Together with TTN and OBSCN, Nebulin (NEB) completes the family of three members of giant sarcomeric proteins present in striated muscles. Additionally, NEB also presents a high percentage of symmetric exons (97.25% in the metatranscrip and 97.79% in the two major isoforms S21a and S21b) [57]. Furthermore, mutations in Nebulette, a member of the Nebulin family, have been demonstrated to be involved in the development of different cardiomyopathies [53,58,59,60]. However, the structure of NEB results from extensive duplications leading to a gene mainly composed of tandem repeats constituting the middle part of the gene as super-repeated areas. This is a clear difference compared with TTN and OBSCN [53]. This has implications for myoediting since the flexibility and specificity of targeting these areas with genome editing tools is limited. Therefore reframing strategies for NEB deserve a separate approach; hence, this gene was not considered in detail in this manuscript [53].
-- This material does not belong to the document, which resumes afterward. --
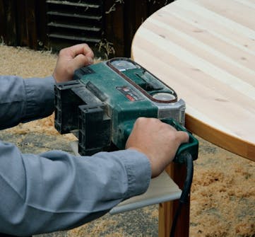 Kanten av bordet slipes også med båndsliperen. For å unngå at lakken brenner seg fast, kjører du først med grovt slipepapir. Hold båndpusseren i konstant bevegelse, både for å bevare rundingen og for å unngå at lakken brenner seg fast.

4. Evaluation of the Hypothesis

To address the potential for translation to the clinics, the safety and efficacy of this approach have to be evaluated. Each of the 94 proposed TTN locations needs to be tested individually to clarify gRNA efficiency for the deletions and possible adverse effects caused by the resulting gene versions lacking specifically deleted exons [30]. Additionally, the selected locations have to be related to mutations found in DCM patients.
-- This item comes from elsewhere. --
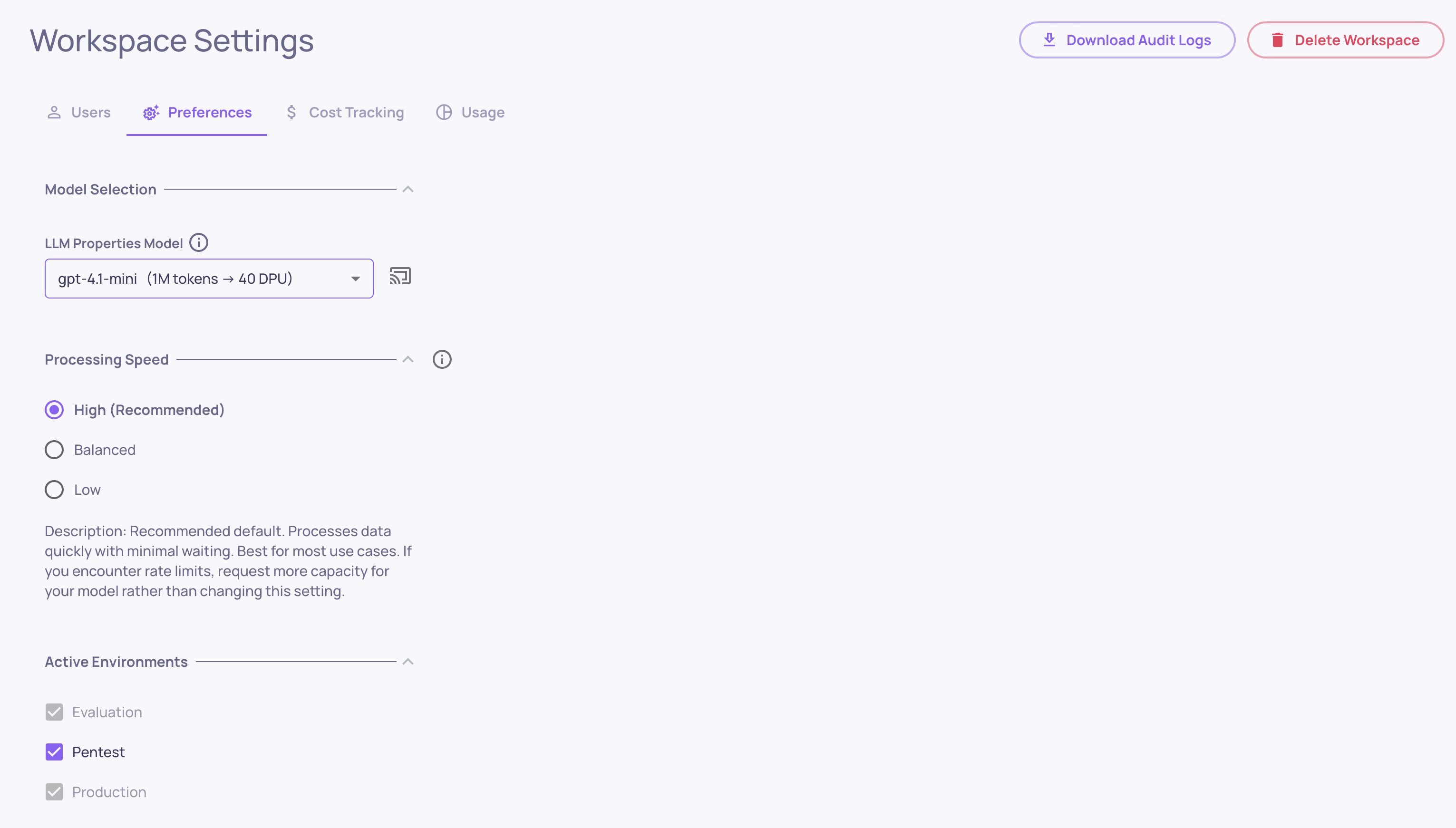 Workspace Settings

The first step is to generate data for the in vitro validation of the system. This can be completed in patient-specific induced pluripotent stem cell-derived cardiomyocytes (piPSC-CM) [32,61,62,63]. To test the safety of the deletion, adverse effects derived from the exon removal need to be evaluated. Once the treatment has been validated in vitro, in vivo testing using different animal models will be required in an evolutionary bottom-up approach using, e.g., zebrafish, mouse or rat, and for final preclinical testing non-human primates [32].
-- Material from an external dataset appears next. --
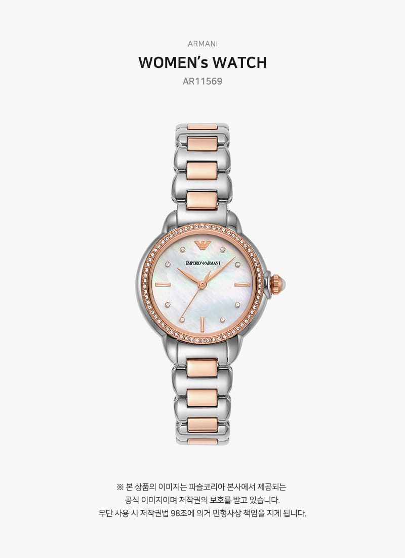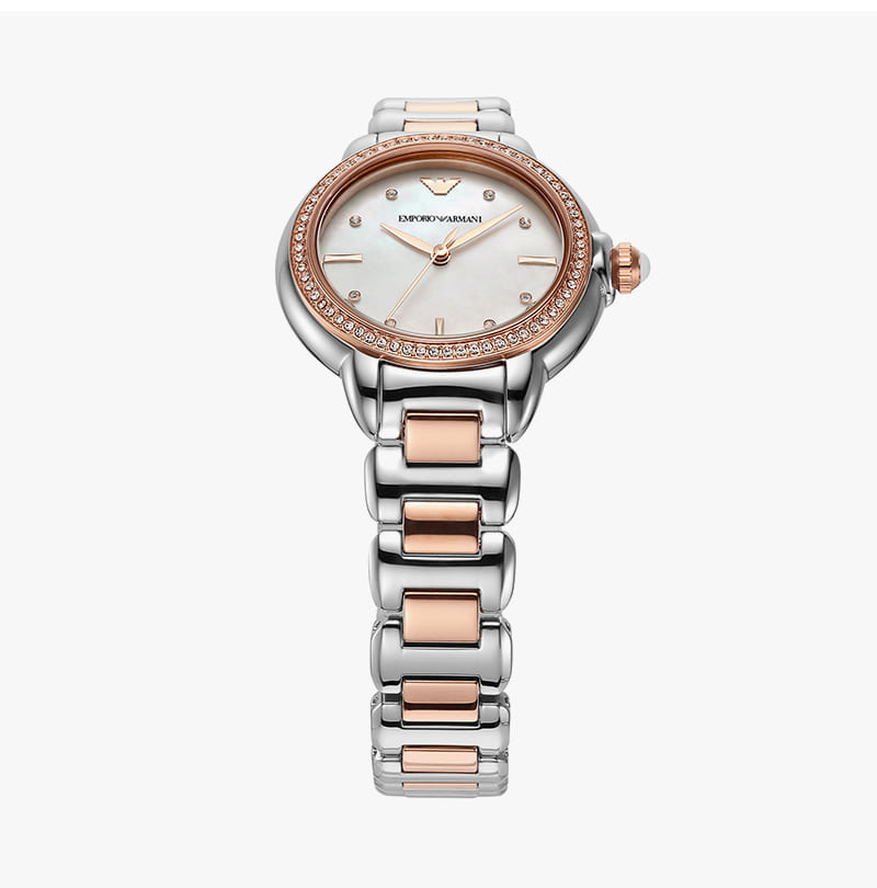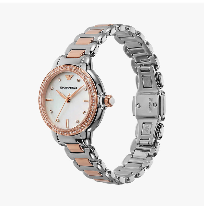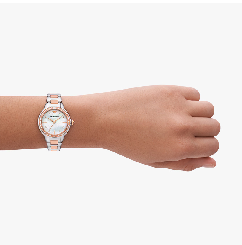 (W) 엠포리오 아르마니 쿼츠 쓰리핸드 32mm 마더 오브 펄 투톤 스테인리스 스틸 멀티컬러

The delivery of the CRISPR system in vivo is one of the major limitations of this approach and for genome editing therapies of the heart in general [27,64]. AAV-based therapies present a promising approach for gene-specific editing. Improvements in tissue- and cell type-specific targeting of AAV serotypes enhance the specificity of the treatment, thereby reducing off-target effects [27,65]. The traditional and recently engineered AAV serotypes for tissue-targeted delivery in combination with minimal tissue-specific promoters and specific administration routes for the virus make this system ideal for the delivery of CRISPR/Cas [64,66]. Although AAVs are an attractive vehicle, their relatively small viral genome and, therefore, reduced packaging capacity limits the delivery of large transgenes. This has to be considered, especially when attempting to package Cas9 plus the two gRNAs (Figure 2 and Figure 3). Using smaller Cas9 orthologues, in comparison with the most broadly used spCas9 (Streptococcus pyogenes-derived Cas9 (SpCas9) (4.1 kb)) can help to overcome this problem. Campylobacter jejuni-derived Cas9 (CjCas9) (984 amino acids, 2.95 kb) or Staphylococcus aureus-derived Cas9 (SaCas9) (1053 amino acids, 3.16 kb), are both validated endonucleases that can be used [66,67,68]. Additional space can be saved during the vector construction using truncated regulatory elements such as the promoter driving the expression of the Cas9 (miCMV/H1 promoter) or the polyadenylation signal [27]. Several AAV serotypes have been tested in different animal and human models. AAV8 and AAV9 have been shown to infect the heart efficiently [27,69,70] (Figure 3). Using the mentioned serotypes together with a suitable administration route may eventually lead to the efficient and specific targeting of specific TTN exons in human cardiomyocytes in vivo.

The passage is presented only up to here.